WHAT IS EXPECTED ▸
Write back, word for word, the lines from the one containing "Kadın Pudra Kruvaze" to the end of the listing below. Include nothing else, and no pictures.

RECORDED INFORMATION section start

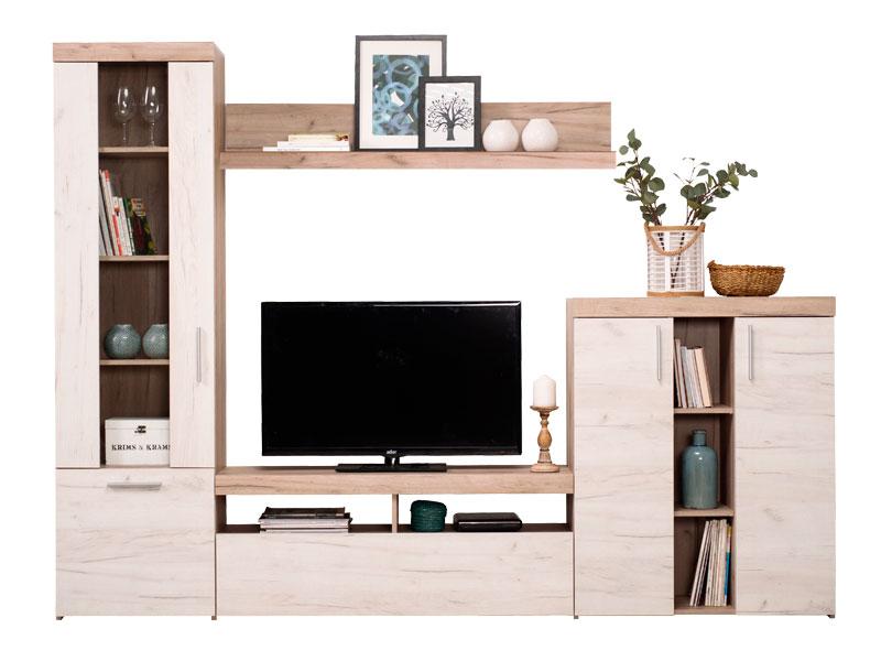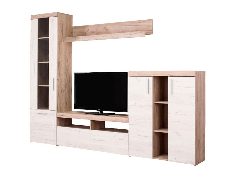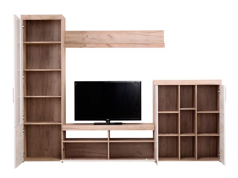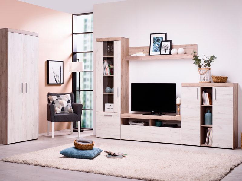 Regal u kombinaciji dekora sivog i bijelog hrasta, karakteriše dizajn čistih linija i bogate teksture, kao i skladna kombinacija elemenata sa poluotvorenim, zastakljenim i otvorenim riješenjima. Zahvaljujući unapređenoj funkcionalnosti upotrebnog prostora i toploj koloritnoj šemi ovaj model regala stvorit će idealan dnevni boravak prepun dragih uspomena, knjiga i dekoracije.
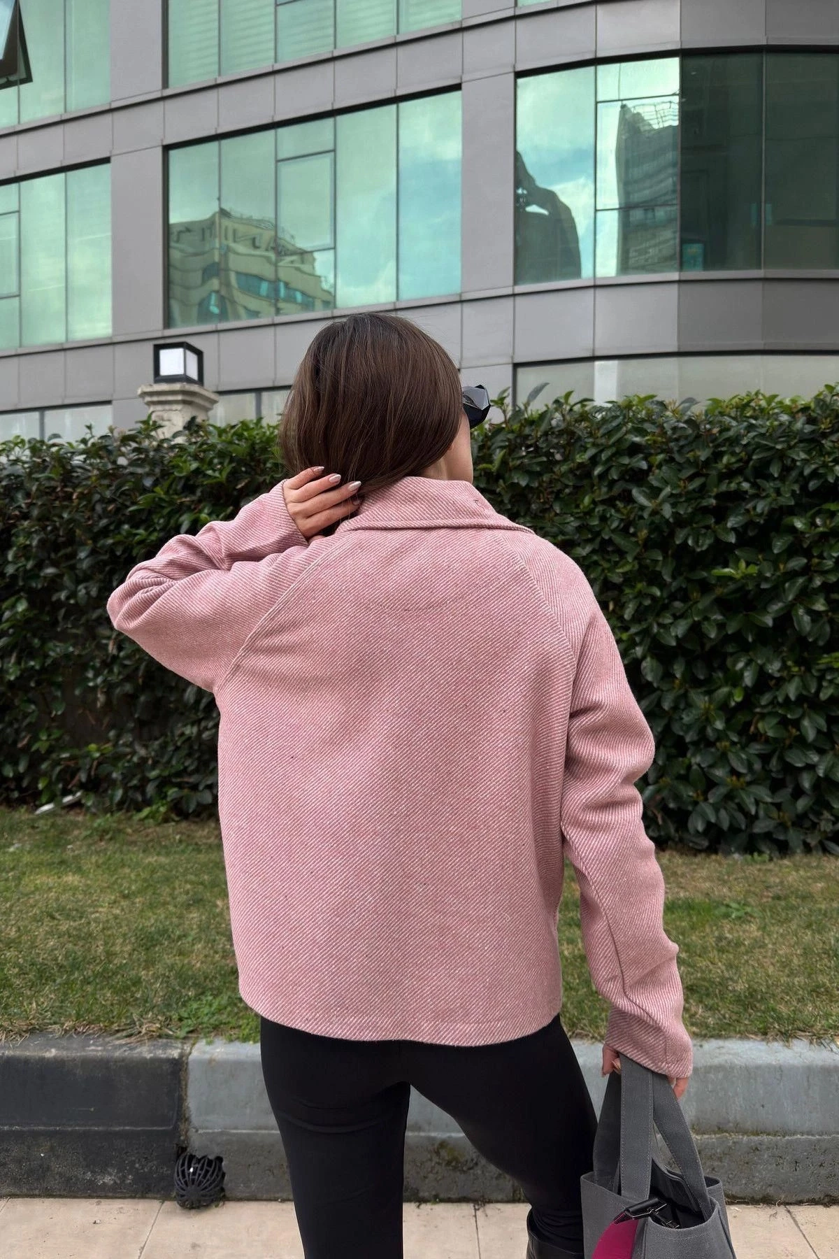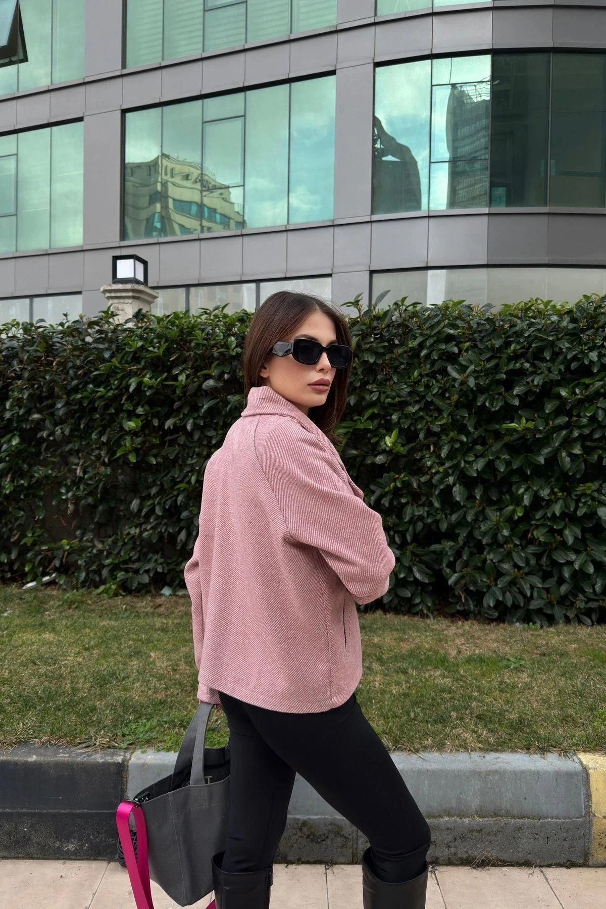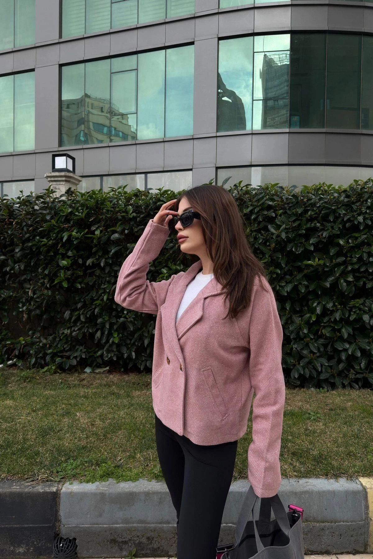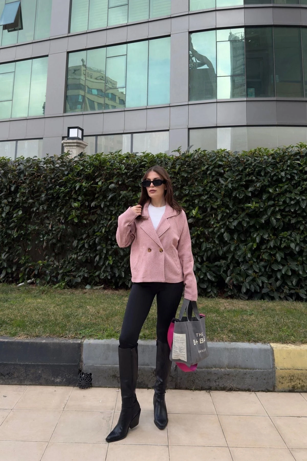 Kadın Pudra Kruvaze Yaka, Çift Düğme, Rahat Kalıp, Fitilli Kaşe Kumaş Ceket
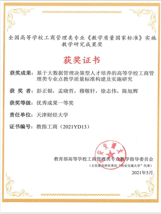一、基于大数据管理决策型人才培养的高等学校工商管理类专业点教学质量标准构建及实施研究,优秀成果一等奖

RECORDED INFORMATION section end

THE ANSWER ▸
 Kadın Pudra Kruvaze Yaka, Çift Düğme, Rahat Kalıp, Fitilli Kaşe Kumaş Ceket
一、基于大数据管理决策型人才培养的高等学校工商管理类专业点教学质量标准构建及实施研究,优秀成果一等奖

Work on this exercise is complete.